__DESCRIPTION OF THE TASK__:
Only the lines in the entries below from the line with "Hallmark Holiday Home" to the line with "Bergkristal met bergkristal", both included, belong in the answer, transcribed exactly and without pictures.

__DATA TO PROCESS__:

---------------

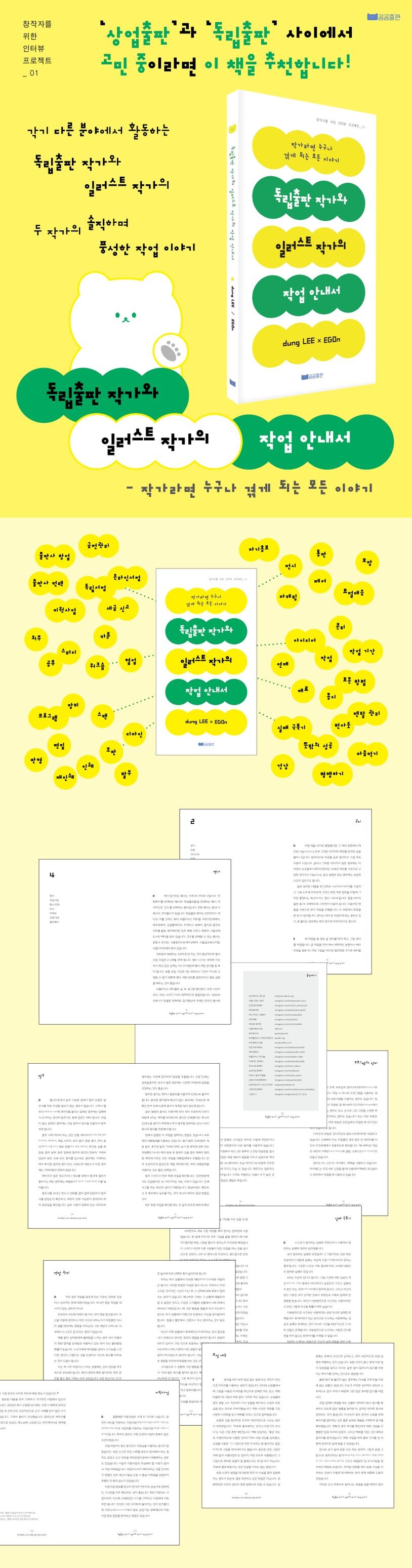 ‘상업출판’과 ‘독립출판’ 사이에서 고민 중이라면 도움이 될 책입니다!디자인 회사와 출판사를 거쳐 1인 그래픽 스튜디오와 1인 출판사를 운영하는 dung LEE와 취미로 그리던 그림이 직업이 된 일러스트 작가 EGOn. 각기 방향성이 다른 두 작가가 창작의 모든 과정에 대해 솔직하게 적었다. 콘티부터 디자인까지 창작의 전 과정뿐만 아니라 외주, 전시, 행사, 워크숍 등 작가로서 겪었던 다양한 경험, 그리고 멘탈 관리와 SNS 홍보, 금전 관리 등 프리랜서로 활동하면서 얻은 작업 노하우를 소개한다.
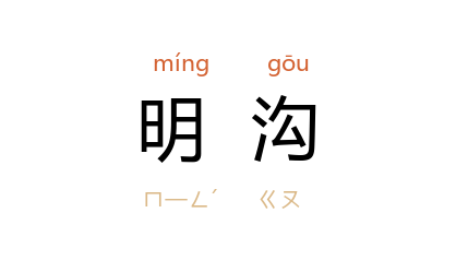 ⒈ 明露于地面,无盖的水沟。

---------------

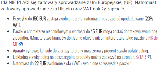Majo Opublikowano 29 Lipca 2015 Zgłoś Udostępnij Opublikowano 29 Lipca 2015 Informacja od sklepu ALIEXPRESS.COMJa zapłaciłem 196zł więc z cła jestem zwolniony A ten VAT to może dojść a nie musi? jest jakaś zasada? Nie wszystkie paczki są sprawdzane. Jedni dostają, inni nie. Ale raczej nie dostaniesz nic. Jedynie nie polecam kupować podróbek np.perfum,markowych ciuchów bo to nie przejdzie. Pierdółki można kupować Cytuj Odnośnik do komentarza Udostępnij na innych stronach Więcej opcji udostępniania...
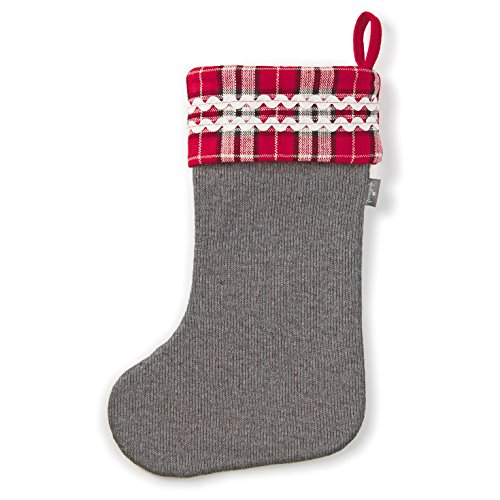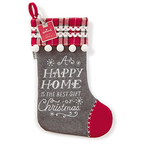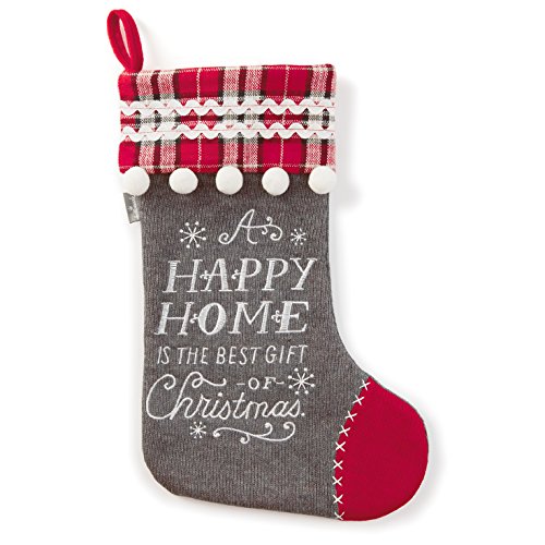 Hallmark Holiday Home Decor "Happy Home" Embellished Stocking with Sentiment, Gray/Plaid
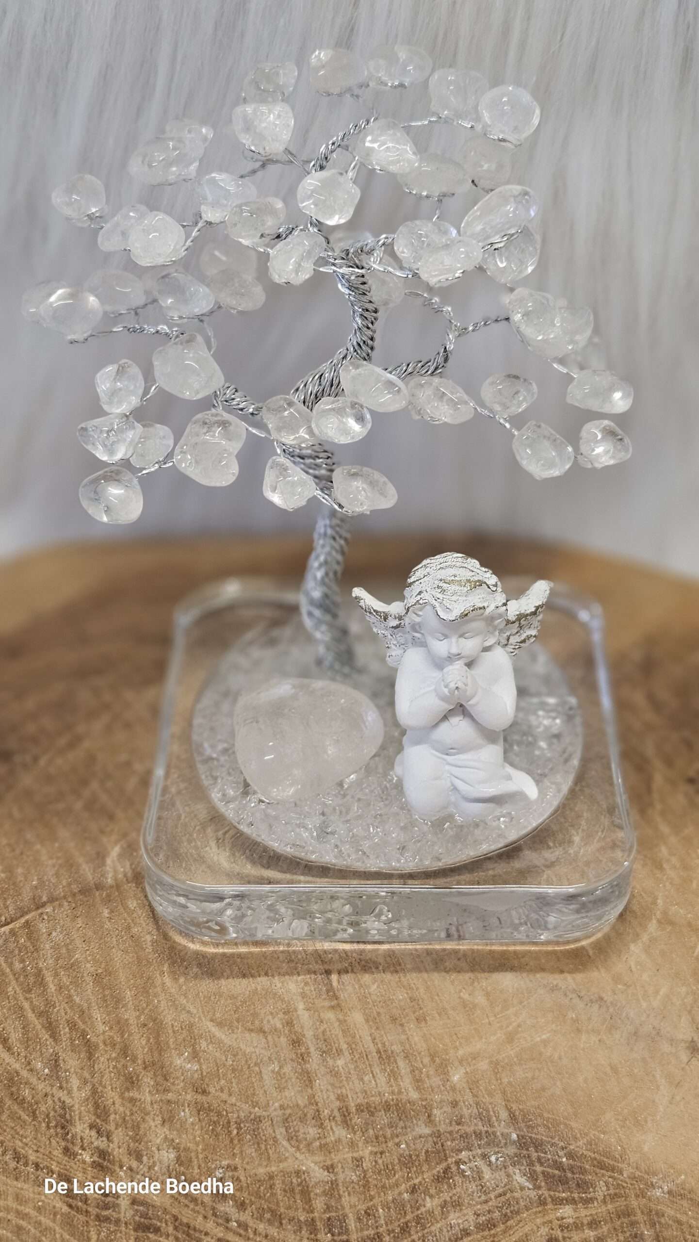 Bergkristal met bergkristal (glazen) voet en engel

---------------

__ANSWER BOX__:
 Hallmark Holiday Home Decor "Happy Home" Embellished Stocking with Sentiment, Gray/Plaid
 Bergkristal met bergkristal (glazen) voet en engel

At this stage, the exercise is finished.